Unlike most other beverages one simply can’t ask for tea and know what to expect, making tea both a bit more common but also captivating for those looking to expand their palate. There are six main types of tea, however within those types are thousands of varieties. It is truly amazing that camellia sinensis, combined with terroir, a dash of human intervention and some creativity yields a liquor with so many different flavors.
Oxidation starts in tea leaves as soon as they are plucked from the plant, just like how an apple starts to turn brown as soon as it is cut. The oxidation helps to create the flavor in the tea. Tea leaves are allowed to wither in the sun to both dehydrate the leaves and allow oxidation to continue. The point in the manufacturing process at which oxidation is stopped, via application of heat, largely dictates the classification of the finished product.
White tea is made primarily from the bud of the tea plant (downy buds) but may include the first two leaves on the branch. The name comes from the white hairs that are present on the outside of the buds. Typically this type of tea is allowed to whither outside in the sun to dry before being heated to stop oxidation. White tea is not rolled or panned and is lightly handled. Often, white tea is made from the first buds of the growing season, called the first flush.

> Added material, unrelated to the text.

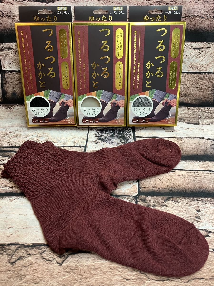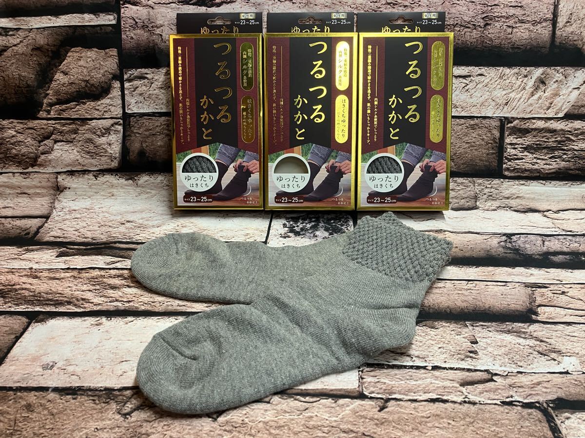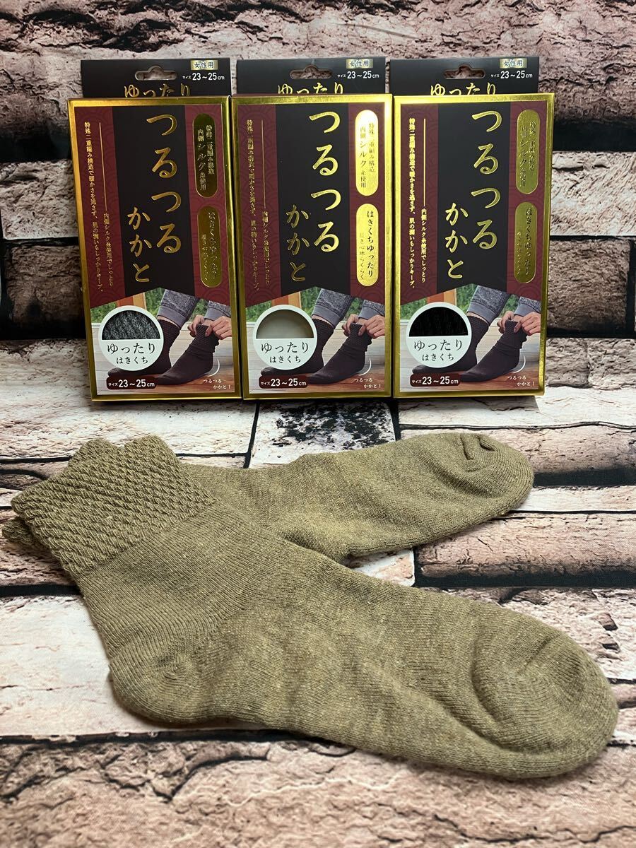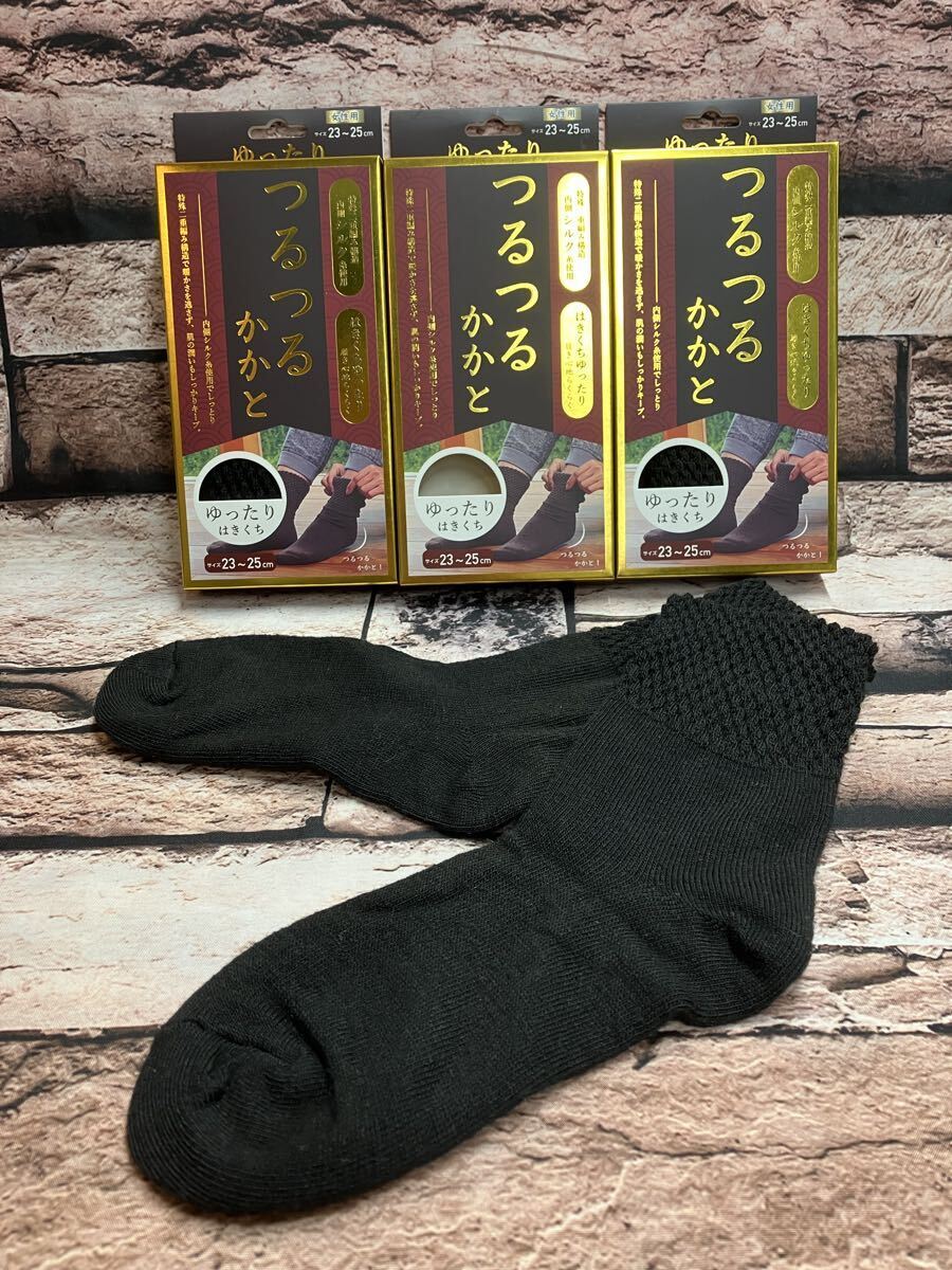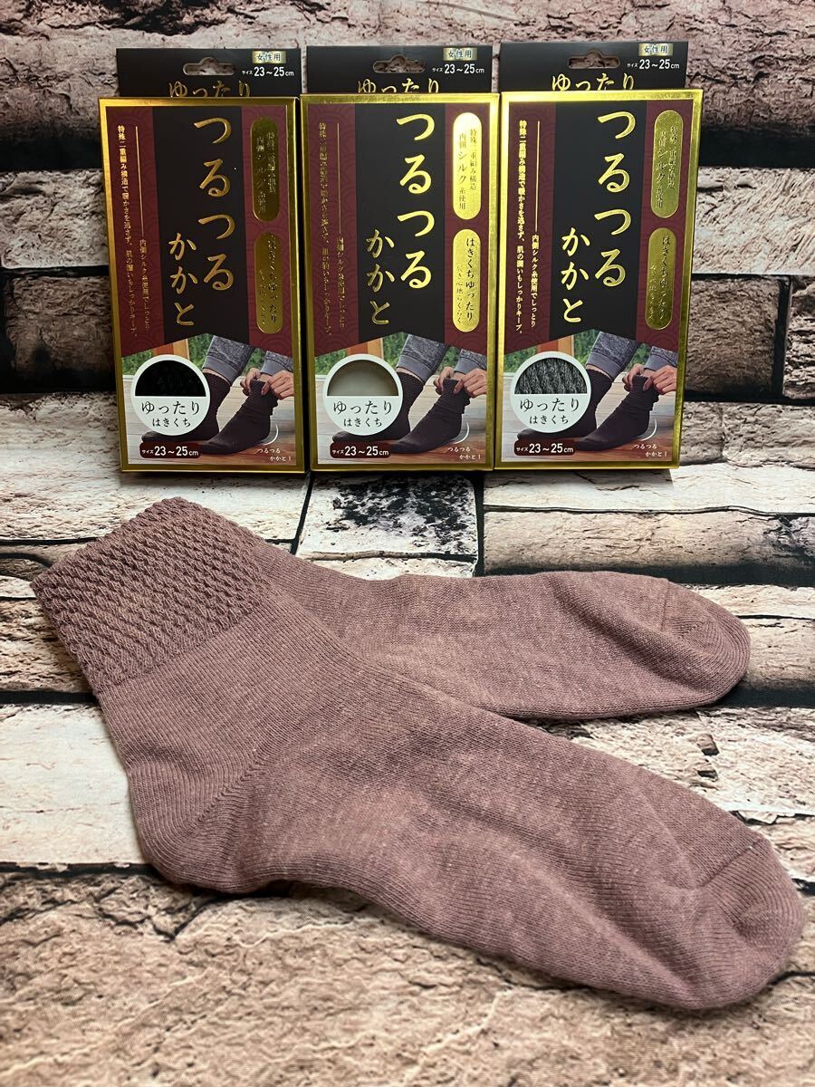 『画像から3足組』内側天然シルク使用でかかとツルツル!履き口ゆったりで履き心地抜群!特殊二重編み構造ソックス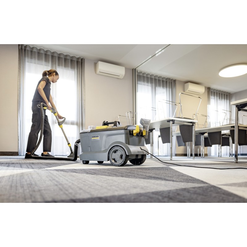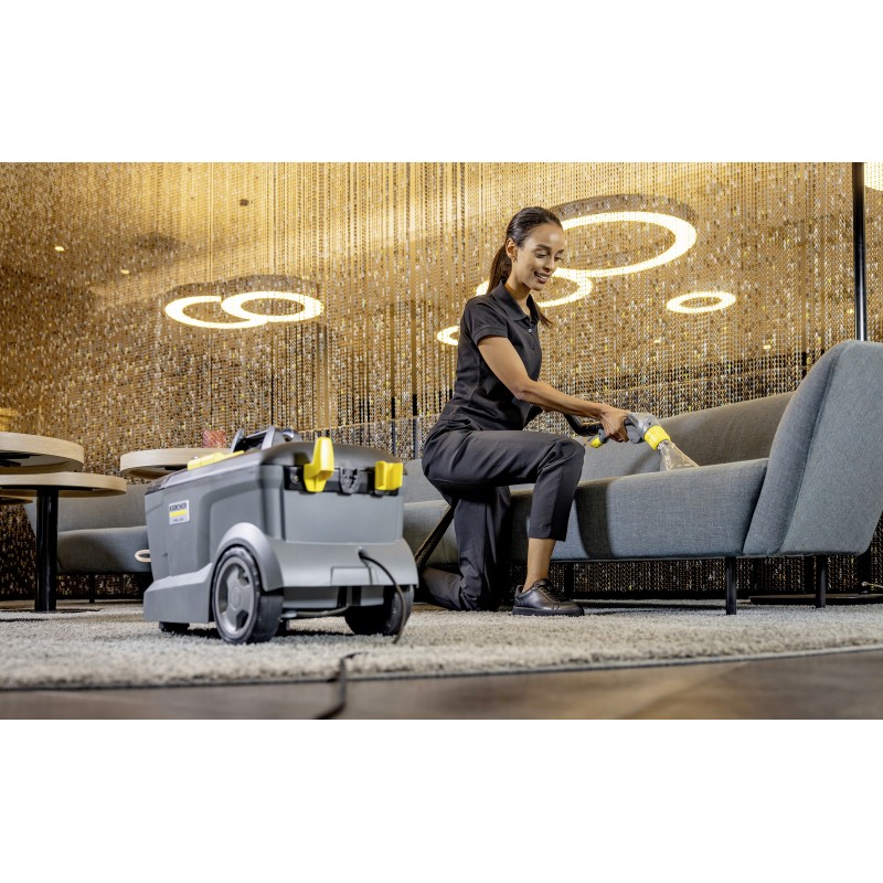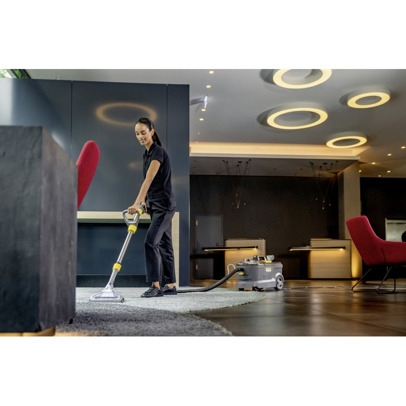Profesionalni Kärcherov čistač s raspršivačem Puzzi 10/1 pruža izvrsnu usisnu snagu, kao i higijenske rezultate čišćenja i osigurava da se tekstilne površine mogu brzo ponovno koristiti. U tu svrhu, stroj za ekstrakciju raspršivačem raspršuje otopinu za čišćenje duboko u tekstilna vlakna, zatim je ponovno uklanja s izbačenom prljavštinom, što ga čini savršenim za čišćenje presvlaka, tepiha i drugih tekstilnih površina. Robustan, kompaktan dizajn Puzzija 10/1 osigurava dug životni vijek, a time i visoku isplativost – idealno za građevinske usluge, hotelski i ugostiteljski sektor ili za čišćenje unutrašnjosti vozila. Poklopac uređaja, mlaznica za presvlake i mlaznica za pod prozirni su za bolji pregled prljave vode. Veliki gumbi kojima se može upravljati rukom ili nogom također povećavaju udobnost za korisnika. Uz to, stroj dolazi s integriranom kukom za kabel i pričvršćivačem za mlaznicu za presvlake i usisnu cijev.

Green tea is a type of tea where oxidation is stopped very early in the manufacturing process. The oxidation is stopped either through steaming, as is common practice in Japan, or through heating over a fire or in a stove. By stopping the oxidation early, the leaves remain green. Typically this is less than 10% oxidation.
Yellow teas are a lightly oxidized version of tea where, after withering, the leaves are lightly steamed allowing for enzymatic oxidation, the chemical process where flavonoids breakdown resulting in the browning of the leaves and the development of the flavor. This is a rather labor intensive process that requires special training, which limits the production capacity for this type of tea. Also, this tea comes in and out of favor with the Chinese public, the primary country producing yellow tea, so getting this in the US is often challenging if Chinese consumers are not demanding it.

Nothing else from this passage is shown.